Caragiulo is also running on a platform of improving business conditions in Sarasota.

“I want to make this place more attractive (to businesses),” he said. “It’s very complicated and cumbersome to get something done here.”

Since he last ran for commission, the Caragiulo family opened one new restaurant, Owen’s Fish Camp, and plans to open another one soon, Nancy’s Bar-B-Q.

+ Nine women arrested in prostitution sting
The Sarasota Police Department conducted an undercover prostitution sting Jan. 3 in Indian Beach/Sapphire Shores and other north Sarasota neighborhoods.
Nine suspected prostitutes, ranging in age from 22 to 52, were arrested.

+ Selby Five Points Park lights will be illuminated
With the flick of a switch, Selby Five Points Park will become the first known public park to be lit with color-changing LED lights.

An elaborate computerized lighting system will be draped in all of the park’s 26 trees, each of which will have 200 small lights in its canopy.

It will be lit for the first time at 7 p.m. Friday, Jan. 7.

The system is capable of creating 60 million different color tones, which will give the park the ability to feature different colors for different occasions, such as red, white and blue on the Fourth of July or red and green at Christmastime.

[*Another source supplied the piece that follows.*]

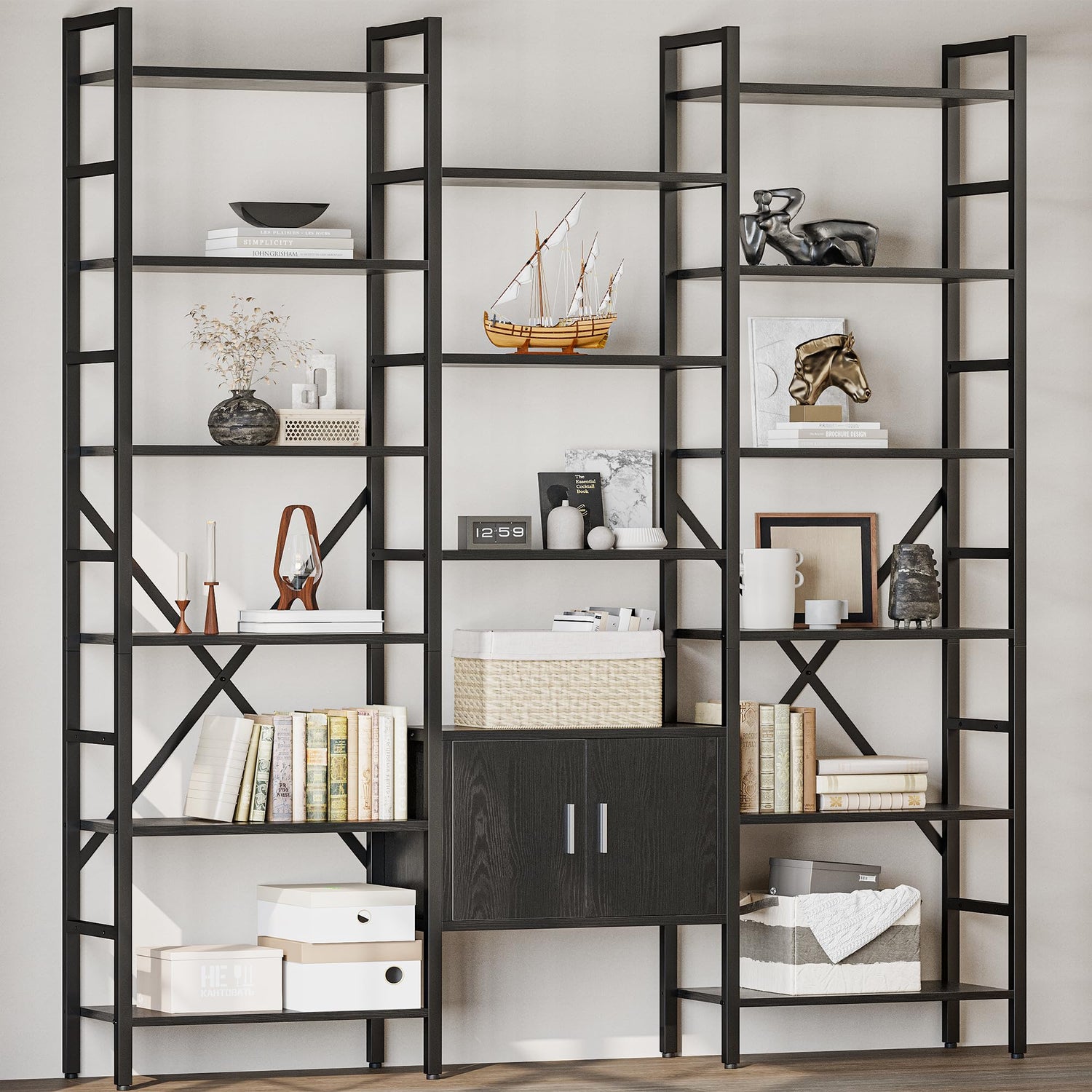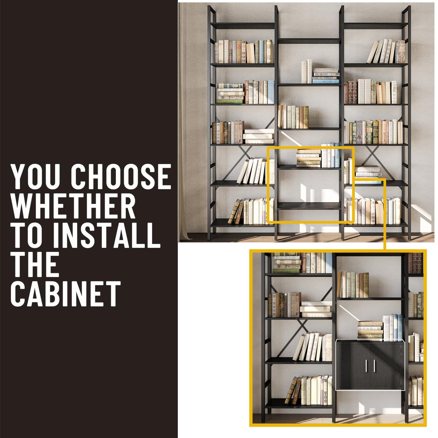 astimey 70x78 “ Triple 6 Tier Book Shelf, Industrial Large Bookcase with Storage Cabinet, Tall Bookshelf with 16 Open Display Shelves Metal Frame Furniture for Living Room Bedroom Home Office Black

John Moran, the project coordinator for the Downtown Improvement District and Downtown Sarasota Alliance, helped secure the $81,000 in grants and contributions to fund the system’s purchase.

Meetings & agendas
Parks Advisory and Recreation Council
— 2:30 p.m. Thursday, Jan. 6, County Administration Center, 1660 Ringling Blvd.
County Commission
— 9 a.m. Tuesday, Jan. 11, Robert L. Anderson Administration Center, 4000 S. Tamiami Trail, Venice
Charter Review Committee
— 6 p.m. Tuesday, Jan. 11, City Hall, 1565 First St.
County Commission — 9 a.m. Wednesday, Jan. 12, County Administration Center, 1660 Ringling Blvd.